Со стороны завода на поляну вышли несколько фигур и стали приближаться к собравшимся вокруг костра и идолов людям. Люди молча расступились «подковой», пропуская в круг подошедшую процессию из шести участников.

Впереди процессии шёл волхв Белогор в расшитой свастиками длинной рубахе, с жезлом, навершие которого украшал золотой «тризуб», в одной руке, и с коротким обоюдоострым мечом в другой. Позади волхва шли четверо крепких бородатых мужиков в рубахах покороче и попроще и в простых серых шароварах. Двое бородачей вели под руки босую женщину с непокрытой головой, в длинной цветастой юбке и пёстрой кофте. Другие двое шли позади.

Это была молодая цыганка. Высокая, худощавая и с большим животом. Она была беременна, и, судя по животу, время рожать было уже близко, – месяц, максимум полтора.

Цыганка шла, опустив голову, руки её были связаны впереди и лежали на животе, рот перевязан платком. Она не пыталась вырываться, просто шла туда, куда её вели бородачи.

Когда процессия вошла внутрь круга идолов, кольцо людей снова сомкнулось, немного отступив назад. Никто при этом не проронил ни слова. Молчали даже дети.

Подойдя к идолу Рода, волхв Белогор остановился и посмотрел на идола так, будто перед ним живой и весьма уважаемый человек.

– Род всевышний и великий! – обратился волхв к идолу. – Ты создатель сущего и пресущего, создатель Яви, Прави и Нави, бог Великой Расы. Право славим тебя, отец наш… – волхв минут десять непрерывно славословил истукана, закончив славословие словами: – Прими же жертву нашу, великий Бог ариев! – с этими словами он развернулся к стоявшим у него за спиной бородатым помощникам.

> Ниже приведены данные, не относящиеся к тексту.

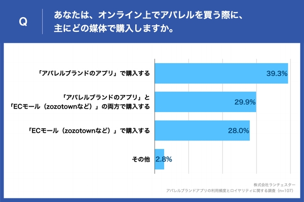 「オンラインで購入しない」と回答した3.6%の人を除き、集計したところ「アパレルブランドのアプリで購入する」が39.3%と最も高く、次いで「アパレルブランドのアプリ」と「ECモール(ZOZOTOWNなど)」の両方で購入するが29.9%という結果となった。

Четверо бородачей стояли чинно перед волхвом: двое по правую руку, двое – по левую. Двое держали цыганку, не давая ей опуститься на траву, хотя ноги её заметно подкашивались, – женщина была истощена не столько физически, сколько морально, она была сломлена, крупные слёзы непрестанно скатывались по её смуглым обветренным щекам. Белогор передал посох крайнему помощнику, затем положил освободившуюся руку на голову цыганки, обречённо смотревшей на него округлившимися от ужаса глазами, чуть надавил вниз, и удерживавшие цыганку помощники опустили её на колени, после чего взял меч двумя руками и резким движением вонзил в грудь женщины. В этот момент снова ударил барабан.

Волхв рывком извлёк меч из груди трепыхавшейся в агонии жертвы, поднял его над головой и взмахом окропил идола. Жестом он приказал помощникам положить цыганку у основания истукана, – бородачи тотчас исполнили приказание, – а он тем временем, приняв обратно в левую руку посох с «тризубом», и держа окровавленный меч в правой, воздел обе руки крестом и торжественно возгласил:

– Великий Род доволен нашей жертвой, брáтие и сéстры! Слава ему!

– Слава! – в один голос ответили собравшиеся.

– Слава Роду нашему!

– Слава! – снова ответили люди.

– А теперь, продолжим наш праздник! И пусть родные боги подарят вам больше здоровых и крепких чад! Веселитесь и любите друг друга, брáтие и сéстры! С нами Род!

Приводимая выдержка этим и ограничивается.